Figure 2. Average Annual Official Development Assistance by HDP Sector (2012- 2021)

The share of ODA dedicated to humanitarian efforts has increased over the past decade, from 7 percent in 2012 to 15 percent by 2021, likely in response to the growing frequency of crises. Nevertheless, the relatively small share of humanitarian and peace-focused funding reinforces the importance of closer engagement and coordination with long-term development providers early on. The fact that the humanitarian sector has primarily pushed the concept and discussions around the HDP Nexus is a major stumbling block in moving from lip service to daily practice, ensuring buy-in and engagement from the security and development sectors.

3.2 United States: A Top Donor Across the HDP Nexus

The U.S. has a significant role in ensuring coherence and coordination across the humanitarian-peace-development nexus. Over the past two decades, it has consistently been the largest provider of humanitarian aid. The U.S. primarily drove the global increase in humanitarian aid in recent years. As a case in point, humanitarian-focused aid from the U.S. government (USG) grew two-fold from US$8.2 billion in 2016 to US$15.4 billion by 2021. Moreover, humanitarian aid is sometimes an “easier sell” to American policymakers and reaches bipartisan support with greater ease.

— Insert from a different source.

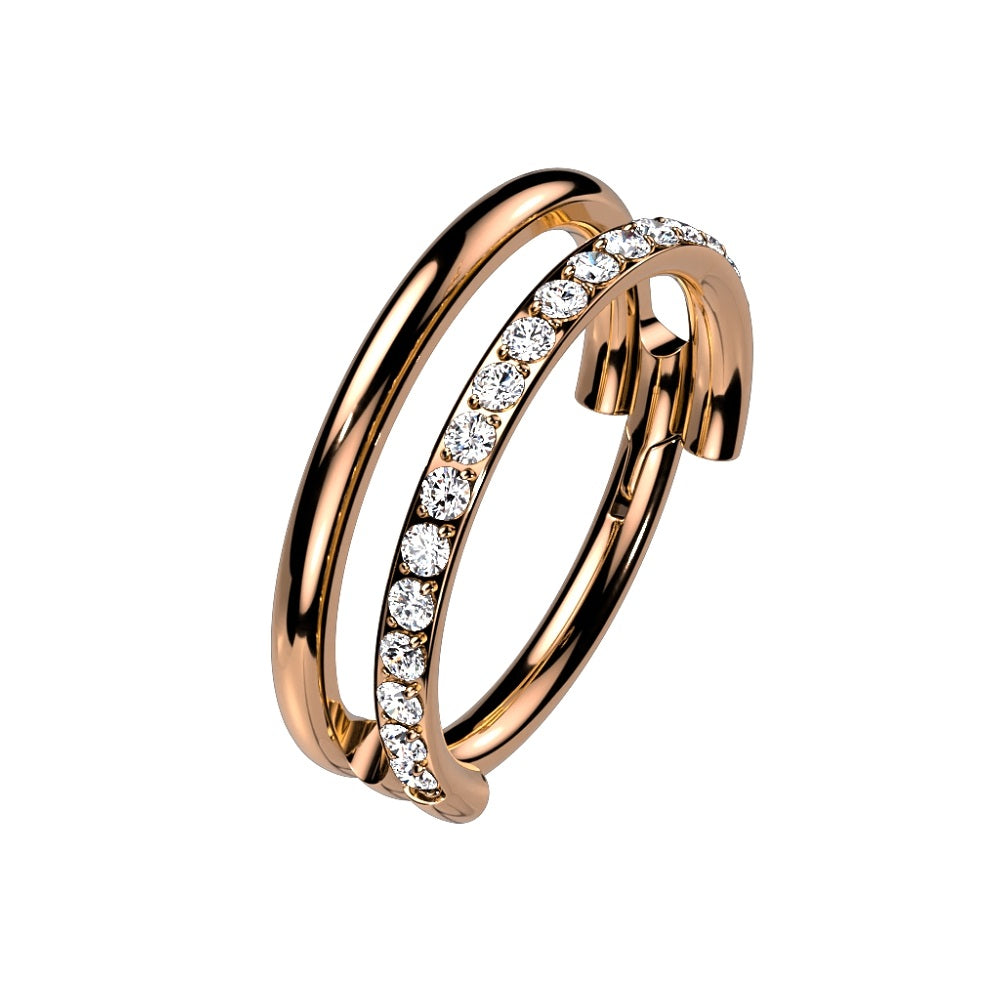 Plain and CZ Crystal Lined Double Hoop Hinged Segment Ring - G23 Implant Grade Titanium

Figure 3. United States Official Development Assistance by HDP - dollars (2000-2021)

Figure 4. Select Donors' Official Development Assistance to HDP sectors Over Time (2011, 2016, and 2021)

Notably, the U.S. is not only a huge player in the humanitarian field, but it is also a top supplier of ODA focused on long-term development assistance and peacebuilding. Figure 3 shows how the U.S. compares to other leading aid suppliers like Germany and the European Union (EU). The U.S. is typically the first or second largest provider of developmental aid (with Germany) and among the three largest providers of peacekeeping aid (with Germany and the EU).

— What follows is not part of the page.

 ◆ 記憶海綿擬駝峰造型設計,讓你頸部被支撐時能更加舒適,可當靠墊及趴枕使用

The apparent prioritization of long-term development aid could partly reflect the data reporting system and how narrowly we define humanitarian aid or peace aid. Nevertheless, the drivers may be more substantial and linked to the nature of these different types of aid. For example, development aid goes through a lengthier budget approval process, while humanitarian and peace aid is urgent.

Over the 21st century, U.S. foreign assistance has progressively shifted away from the Middle East and North Africa (MENA) region, where it concentrated most of the investment in the early 2000s, and towards Sub-Saharan Africa (SSA). This geographic pivot reflects more extensive commitments to Iraq early on since 2003 that have gradually reduced until the 2010s (Figure 5). In 2021, nearly half of the USG's ODA was directed to SSA. Most of this increase was distributed across the region. However, some countries stand out in receiving an outsized increase in ODA from the U.S., namely Ethiopia, Nigeria, and the Democratic Republic of Congo.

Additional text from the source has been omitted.